Intraclass Correlation

  • Note that the within-group covariance is: \(Cov(y_{ij}, y_{ij'}) = \tau^2\) .

  • So the correlation between observations within within the same group is

\[ \rho = Corr(y_{ij}, y_{ij'}) = \frac{\tau^2}{\tau^2 + \sigma^2} \text{ for all }j \neq j'. \]

  • The value \(\rho\) is often called the intraclass correlation.
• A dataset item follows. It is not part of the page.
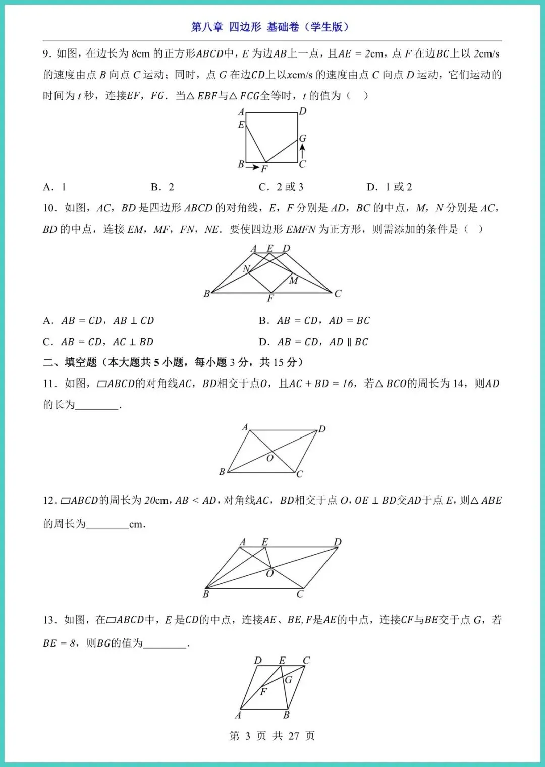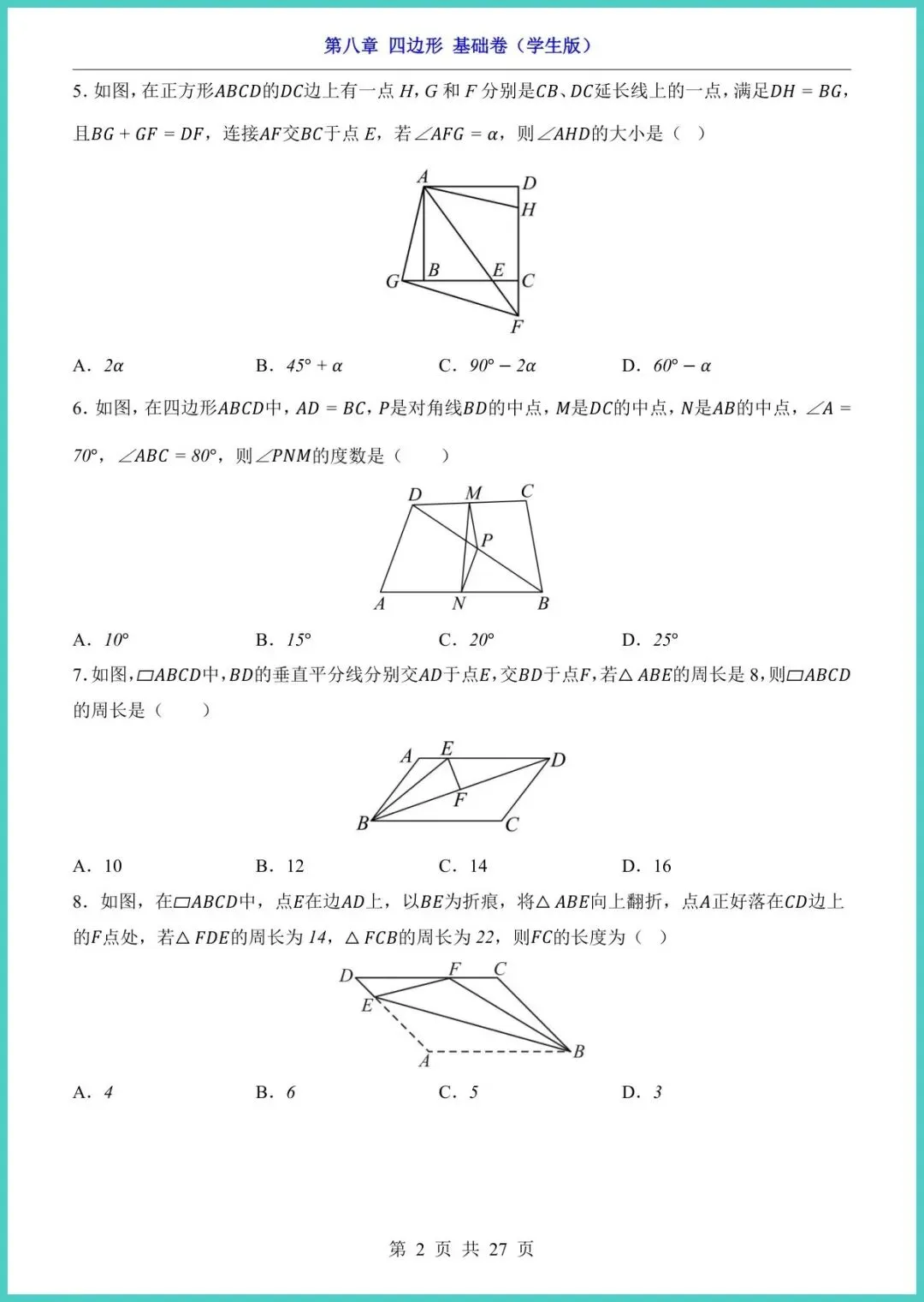 【免费下载】八年级(下)数学第8章四边形_基础卷(青岛版) | PDF完整高清电子版可打印

It measures the degree of similarity among same-group observations compared to the residual error \(\sigma^2\).
  • Describes how strongly units in the same group resemble eachother.
  • \(\rho \rightarrow 0\) when \(\tau^2 \rightarrow 0\) (i.e. same intercept)
  • \(\rho \rightarrow 0\) when \(\sigma^2 \rightarrow \infty\) (i.e., growing measurement error).
  • \(\rho \rightarrow 1\) when \(\tau^2 \rightarrow \infty\) (i.e., large separation in intercepts).
  • \(\rho \rightarrow 1\) when \(\sigma^2 \rightarrow 0\) (i.e., zero measurement error).
  • The above ICC has an exchangeable structure because the correlation is constant between any pair of within-group observations.

Simulation Varying Between Subject Variability

Simulation Varying Sources of Error

Summary

Section Description
What is the model? - In the random intercept model: \(y_{ij} = \mu + \theta_i + x_{ij}'\beta + \epsilon_{ij} = \mathbf{Z} \theta + \mathbf{X} \beta + \mathbf{e}\)
- \(\mu\) is the population mean (overall average).
- \(\theta_i\) are individual differences in intercepts from \(\mu\).
Model Assumptions - \(\epsilon_{ij} \sim N(0, \sigma^2)\)
- \(Var(\epsilon) = \sigma^2\) (within-subject variance)
- \(\theta_i \sim N(0, \tau^2)\)
- \(\theta_i \perp \epsilon_{ij}\)
- \(\rho = \frac{\tau^2}{\tau^2 + \sigma^2}\) (ICC).
Interpretation - \(\theta_i\) = individual deviation from \(\mu\).
- \(\beta_1\) = global effect of \(X\).
- Total variance = \(\sigma^2 + \tau^2\).
- ICC: degree of similarity among same-group observations relative to residual error.